From the Database of Home of the Underdogs

GAME DESIGNER:

GAME DEVELOPER:Vulcan Software

GAME PUBLISHER:Vulcan Software

Copyright 2001, Vulcan Software

The land of Valhalla is wracked by civil war. The good king Garamond was slain by his younger brother, the twisted and evil self-proclaimed Lord of Infinity, fourteen years ago. Now, as the sole heir to the throne, you must make your way into Infinity’s fortress and reclaim your lost birthright.

Okay, so it’s not the most original plotline, but it works, and the story manages to hang itself around it rather nicely.

When this game was originally released on the Commodore Amiga, it sent shockwaves through the platform’s followers. Here was a game that came on a mere six floppy disks, and yet contained not one word of written dialogue. As the box proudly proclaimed, it was “the first ever Amiga speech adventure”.
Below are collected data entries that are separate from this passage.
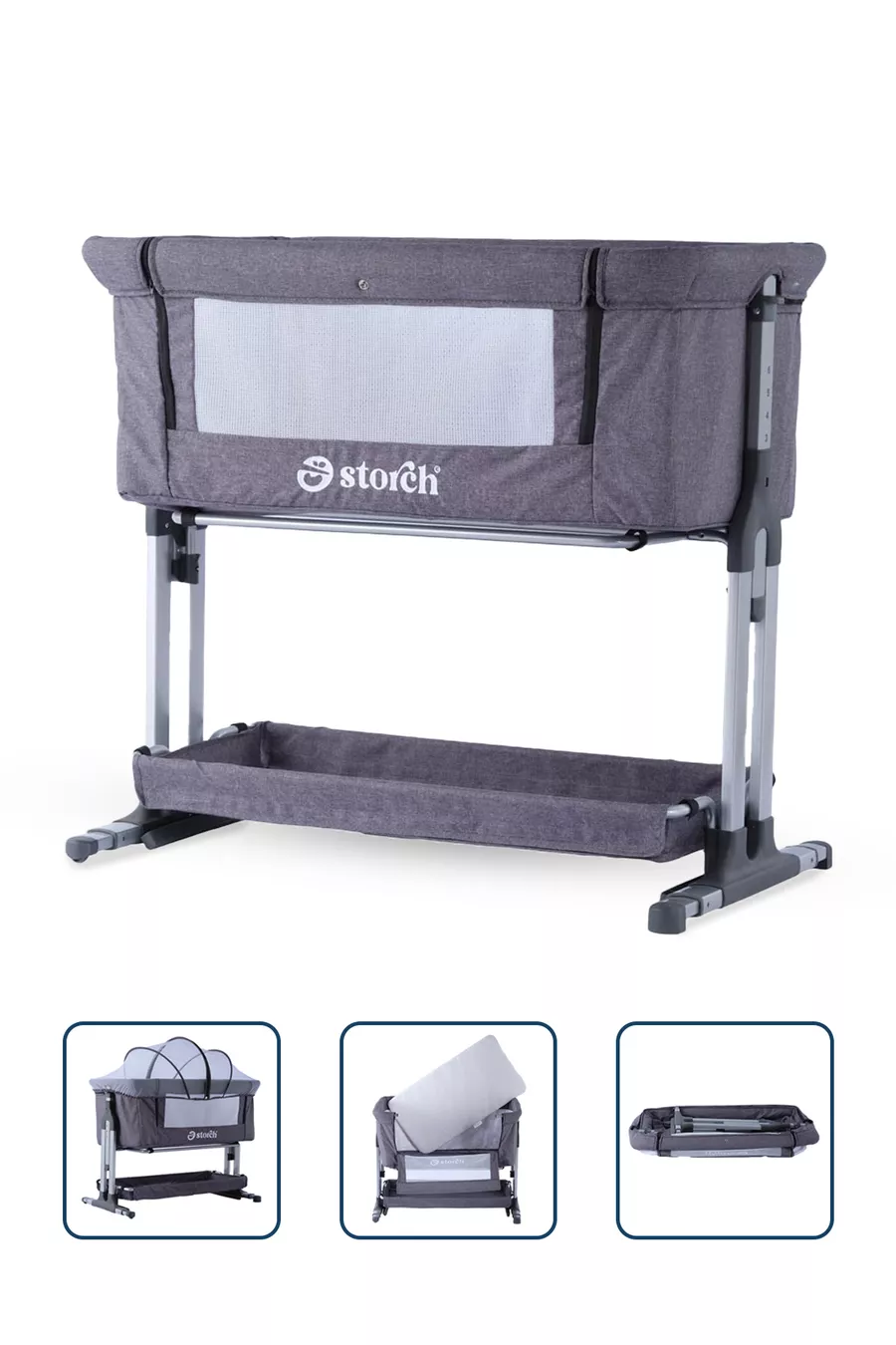 المادة: النسيج اللون: رمادي سعة التحميل: 0 - 13 كغ مدة الضمان: سنتان الوظيفة: ثابت نوع الاستخدام: بجانب الأم وظيفة التأرجح: موجودة العرض: 100 سم أبعاد السرير الداخلي: 50 × 90 العمق: 100 سم الارتفاع: 100 سم المنشأ: الصين الميزة: قابل للتأرجح
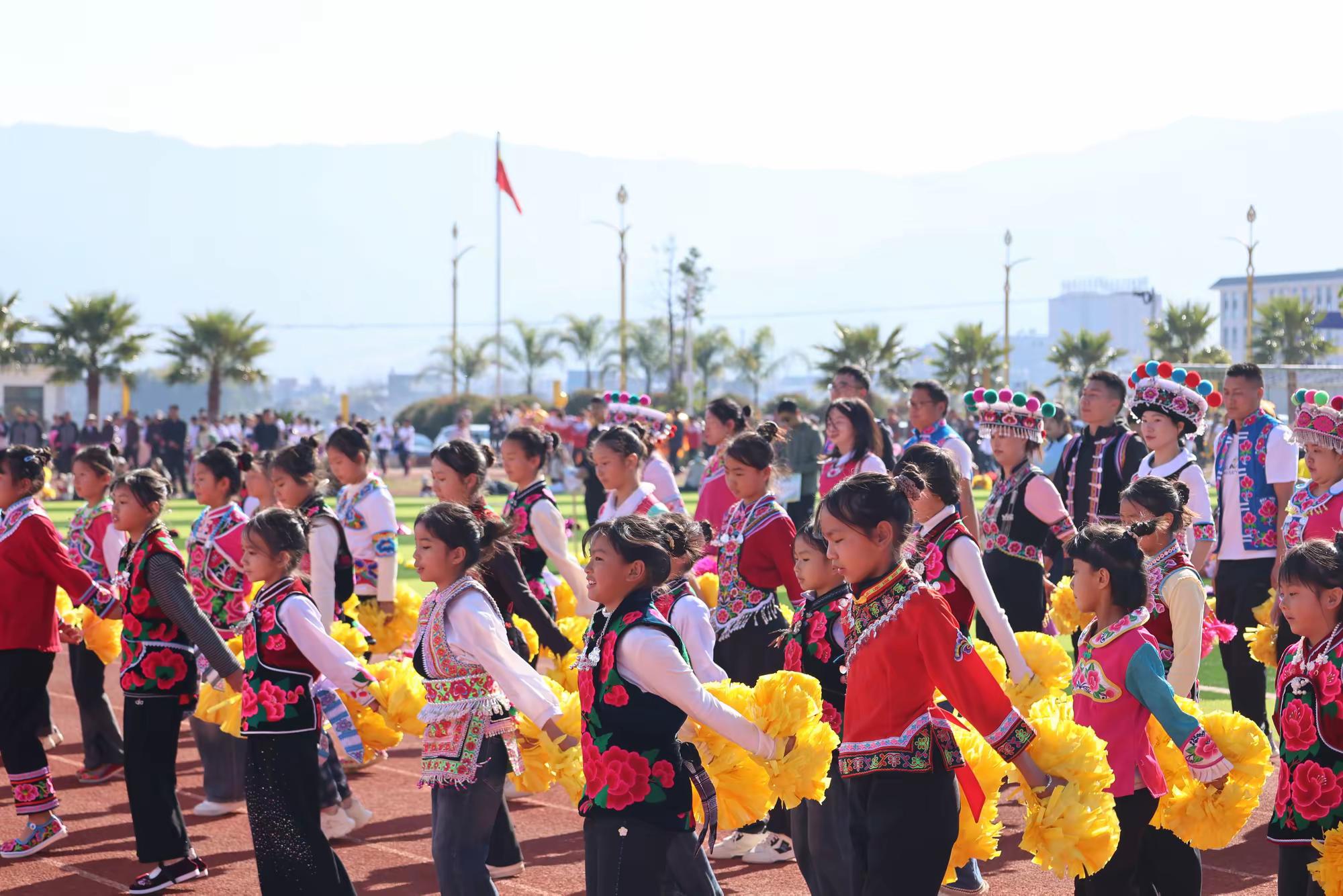 开幕式现场气氛热烈,精彩纷呈。来自全县教育体育系统的22支代表队、1500余名队员参与了盛大的入场式与特色展演。各幼儿园代表队生动展示了独具特色的办学成果与师幼风采;各乡镇中心小学师生代表团身着绚丽的彝族服饰与传统服装,呈现了富有地域风情的民族特色表演;各初级中学及县职高代表团也带来了形式多样、活力四射的节目,其中县职高的舞龙舞狮表演尤为引人注目,将现场气氛推向高潮。在学校特色入场展演结束后,全体代表团成员共同演绎了集体舞《最好的舞台》,充分展现了全县师生团结一心、昂扬向上的精神风貌。
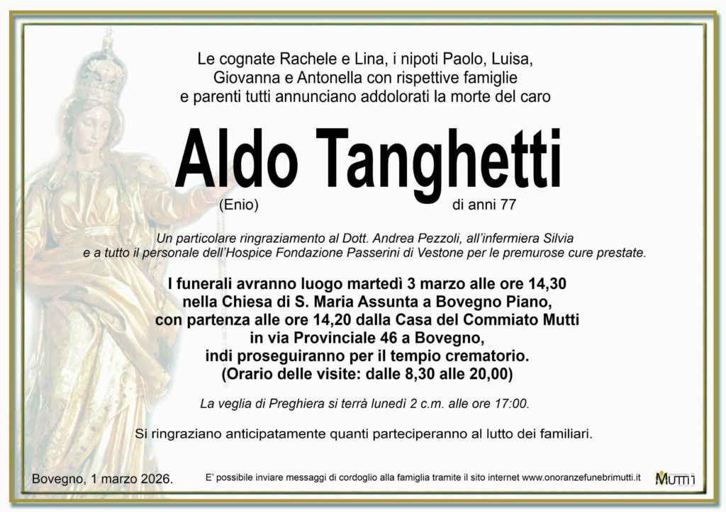 sentite condoglianze..fam.Tanghetti Edoardo
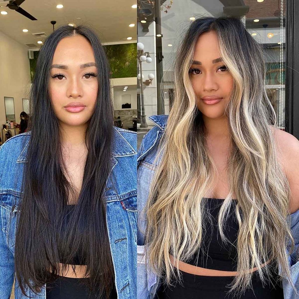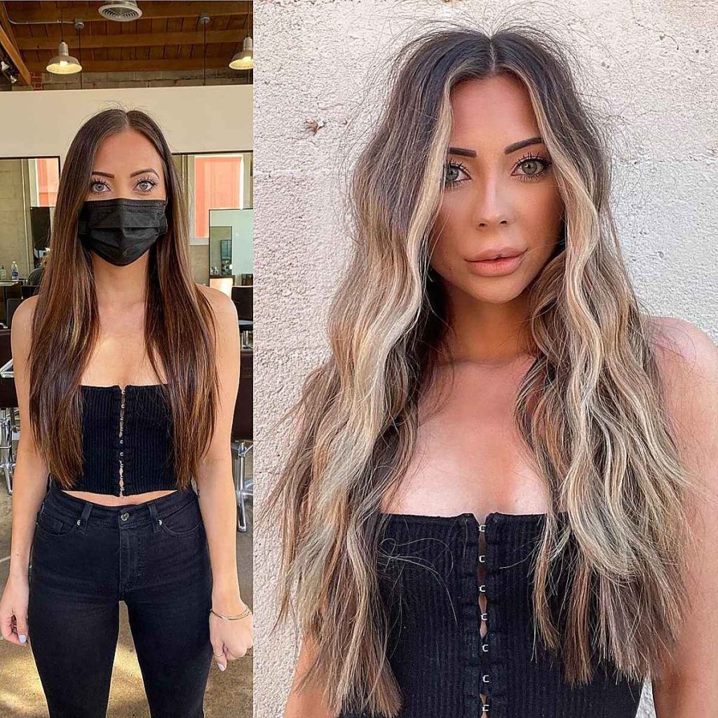 Face-framing highlights for balayage hair add extra brightness while keeping that easy beautiful grow-out that balayage coloring provides. Add invisible layers for thick hair to ensure your light bouncy style maintains its length.

The game itself is an enjoyable, logical puzzle game, which contained no illogical or mindlessly obscure puzzles and which could be solved without dying at any point. If you were very, very careful

The gameplay wasn’t much, it basically boiled down to hearing a clue, looking for an item and then bringing it to the right location, but there was a lot of fun to be had from trying to work out how everything fitted together. During the first level, you were asked to bring wine to one of the characters. Unfortunately, there’s no wine on the level, just a water tap and a single cup until you found the “miracle” stone and remembered the actions of a certain Nazarene carpenter during a crisis at a friend’s wedding

In all, Valhalla is very engrossing and has now been re-released by the creators Vulcan Software as part of the interface of their new, er thingy with the first level coming free with the download and each subsequent level of the epic three-game series being available to download separately for a small fee.

NOTE: At present, only the first free level is available, due to the project still being in the beta stages. For the moment, the “thingy” through which this game runs remains the most system-hogging, downright nasty piece of software I’ve seen since Windows 95 OSR-A. By the looks of things, though, this is certainly one to look out for in the coming months, once they’ve got it working for slower machines.